General economic and political risks
The Fund’s investments are subject to risks of a general economic nature, such as a decline in commercial activities, a rise in interest rates, inflation and a rise in the prices of raw materials. The value of the Fund’s investments can be influenced by political developments and terrorist activities.
There are financial risks involved in investing in shares. Investors must realize that the share price of the securities in which the Fund takes positions can fluctuate. In the past, stock markets have generated favourable returns. But this offers no indication or guarantee for the future. There is a risk that the entire market as a whole or a particular asset class decreases in value, which will impact the value of the Fund’s Investment. Because of price fluctuations, the Fund’s Net Asset Value can be subject to fluctuations too which can mean that Unit holders will not receive their entire investment upon termination of their participation in the Fund.
The Fund is aiming for an average annual return in the medium term (3 to 5 years) of 10% after deduction of all costs. However, there is no guarantee that the targeted return will be achieved. The risk that the targeted return will not be reached can vary based on the possible choices made due to the investment policy. No guarantees can be given by third parties that the targeted return will be achieved. Furthermore, no guarantee of any kind can be given that the Fund Manager’s analysis of expected developments in the short or long term are correct. If the Fund Manager assesses the development of an investment’s value wrongly, this can lead to a loss for the Fund if the market value of a purchased investment declines or, in the case of a short position, the market value of the sold shares rises.
The dividends and interest received by the Fund, together with any capital gains, will not be distributed but will be reinvested. Hence, no profit distributions take place. Through the redemption of Units, there is a potential risk of a reduction of the Fund’s capital in case that more Units are redeemed than issued.
Because investments will only be made in about 25 companies on the ‘long’ side of the portfolio, this can lead to wider fluctuations in the Fund’s Net Asset Value than if investments were spread more widely. Because of the Fund’s strategy, its return can differ significantly from the world share index. This gives rise to specific risks that can result in considerable differences in the performance of the Fund and the world share index, both in the positive and the negative senses.
Liquidity risk in investments
The Fund will in particular take positions in companies with a market capitalization of less than € 2.5 billion. In general, these are less marketable. There is a risk that a position cannot be sold within a reasonable period and against a reasonable price.
In theory, the possible loss on these positions is unlimited, while the possible profit cannot exceed the invested amount.
Historical relations and correlations
Optimizing the Fund’s portfolio will be based on (historical) correlations between shares mutually and between shares in relation to an index.
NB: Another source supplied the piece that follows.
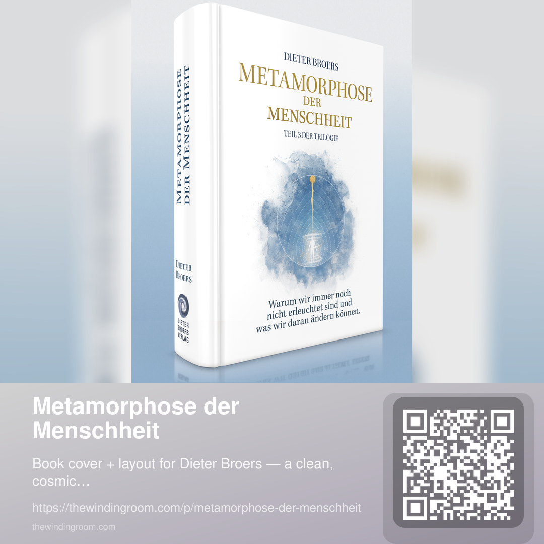 Cover and layout work for Metamorphose der Menschheit (Dieter Broers), designed around a calm, high-contrast system: bright space, crisp typography, and a slightly “cosmic” atmosphere that stays readable from thumbnail to print.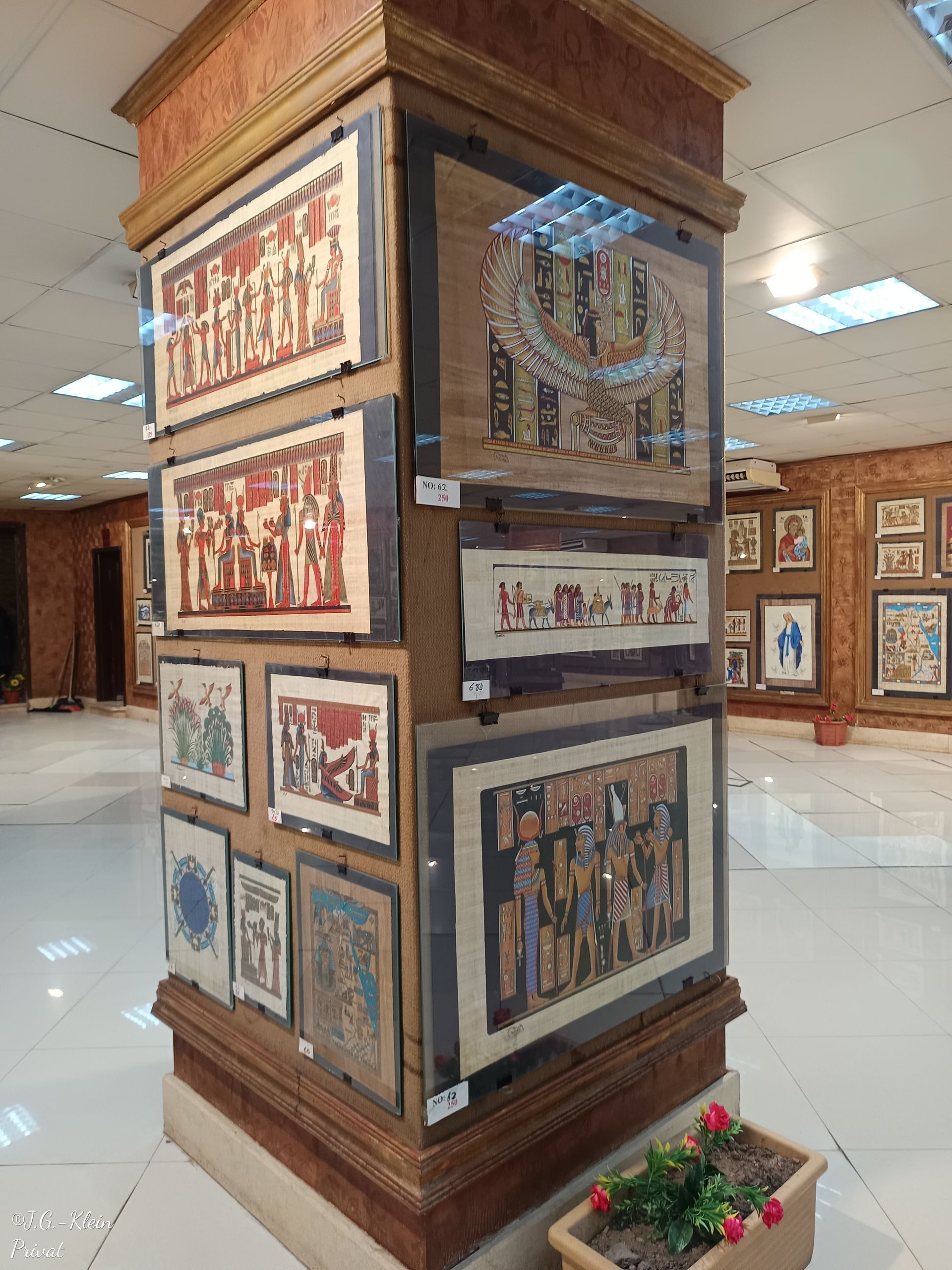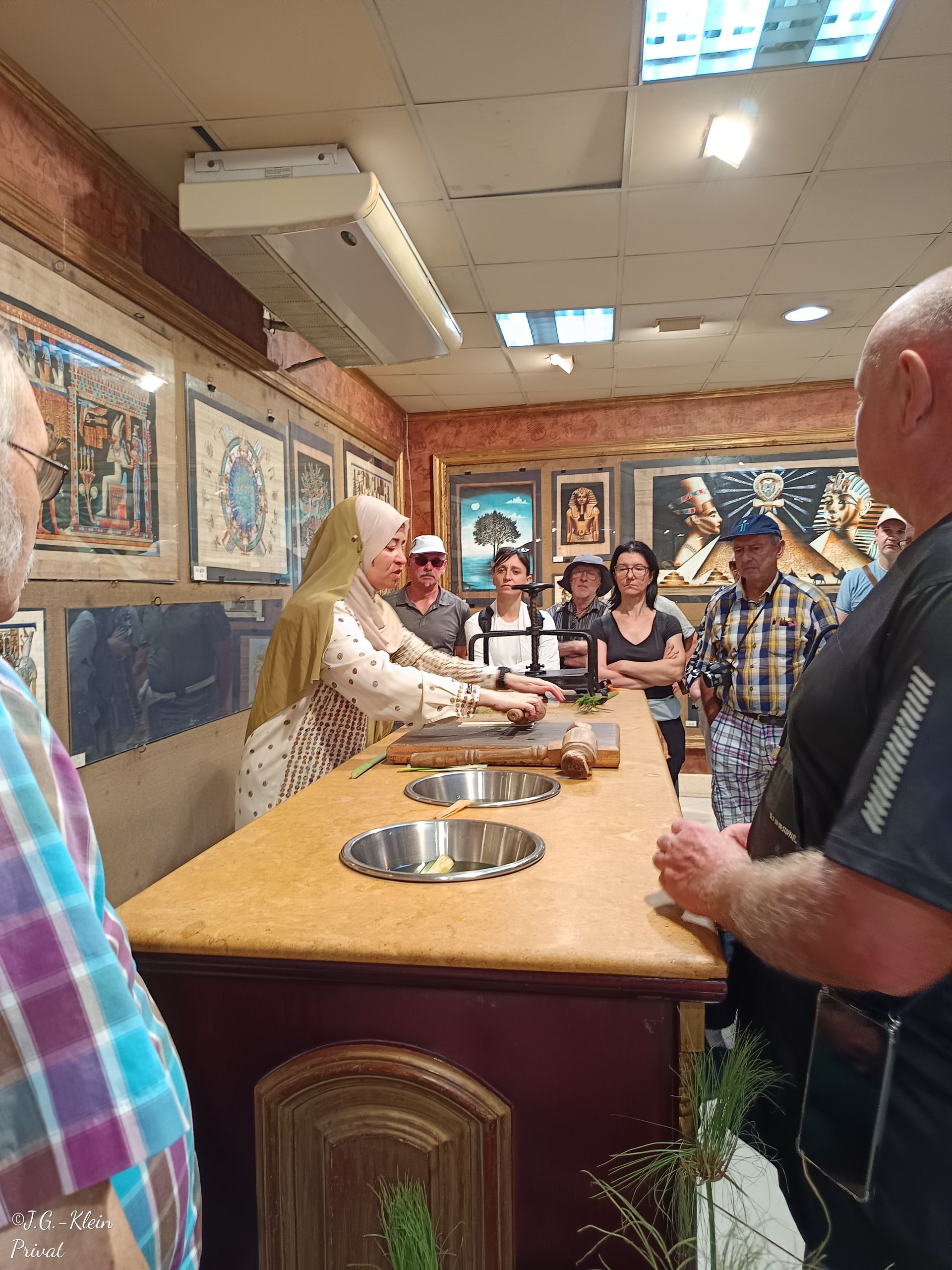 Nun fahren wir wieder zurück nach Kairo und treffen in einem Papyrus Geschäft den Rest der beiden Gruppen. Ab hier haben wir wieder unser gemeinsames Programm. Diese Papyrus Geschäfte gehören zum Pflichtprogramm auf einer Ägyptenreise. Es wird die Herstellung erklärt und natürlich wie es sich bei Verkaufsveranstaltung gehört zum Kauf animiert.

These historical relations can change and correlations can change in times of major market tensions. The aforementioned can give rise to greater volatility in returns, both positive and negative.
It will be possible for the Fund to use quoted derivatives in order to protect positions taken. These products can behave in a volatile manner, which means their use can have great impact (both positive and negative) on the value of the Fund.
There is a risk that an issuing institution or counterparty will default on meeting its obligations.
The Fund does not hedge currency positions. This means that investments in currencies other than the € could give rise to fluctuations in the Fund’s Net Asset Value, both positive and negative.
Inflation can decrease the relative value of a Unit. The Fund does not hedge inflation risk nor does it take any other measures to mitigate this risk.
The Fund can invest with borrowed money (leverage) up to 25% maximum of the Fund’s Net Asset Value. This can give rise to greater profits as well as greater losses (the so-called ‘leverage effect’). This means that the Fund’s Net Asset Value could become negative and result in the bankruptcy of the Fund. There will also be interest charges.
There is a risk that disposals via a payment system cannot be made as expected because a counterparty fails to pay for or deliver financial instruments in time, as expected or at all.
Risk of loss of assets given into custody
There is a risk that assets given into custody may be lost should the Depository, Legal Owner, Custodian or sub-custodian become insolvent or act negligently or fraudulently.
Risk of changes in the (fiscal) law
This is the risk that the fiscal treatment of the Fund changes in the negative sense or that different legislation is enacted that has a negative influence on the Fund and its Unit holders.
Dependence on key personnel of the Fund Manager
The investment policy is executed by (personnel employed) by the Fund Manager. Besides the risks specifically related to the Fund, there are also risks related to the Fund Manager. These risks relate to key personnel employed by the Fund Manager unexpectedly leaving, risks associated with outsourcing (administrative) duties to third parties, liability and reputational risks. This could all have a negative impact on the continuity of the Fund.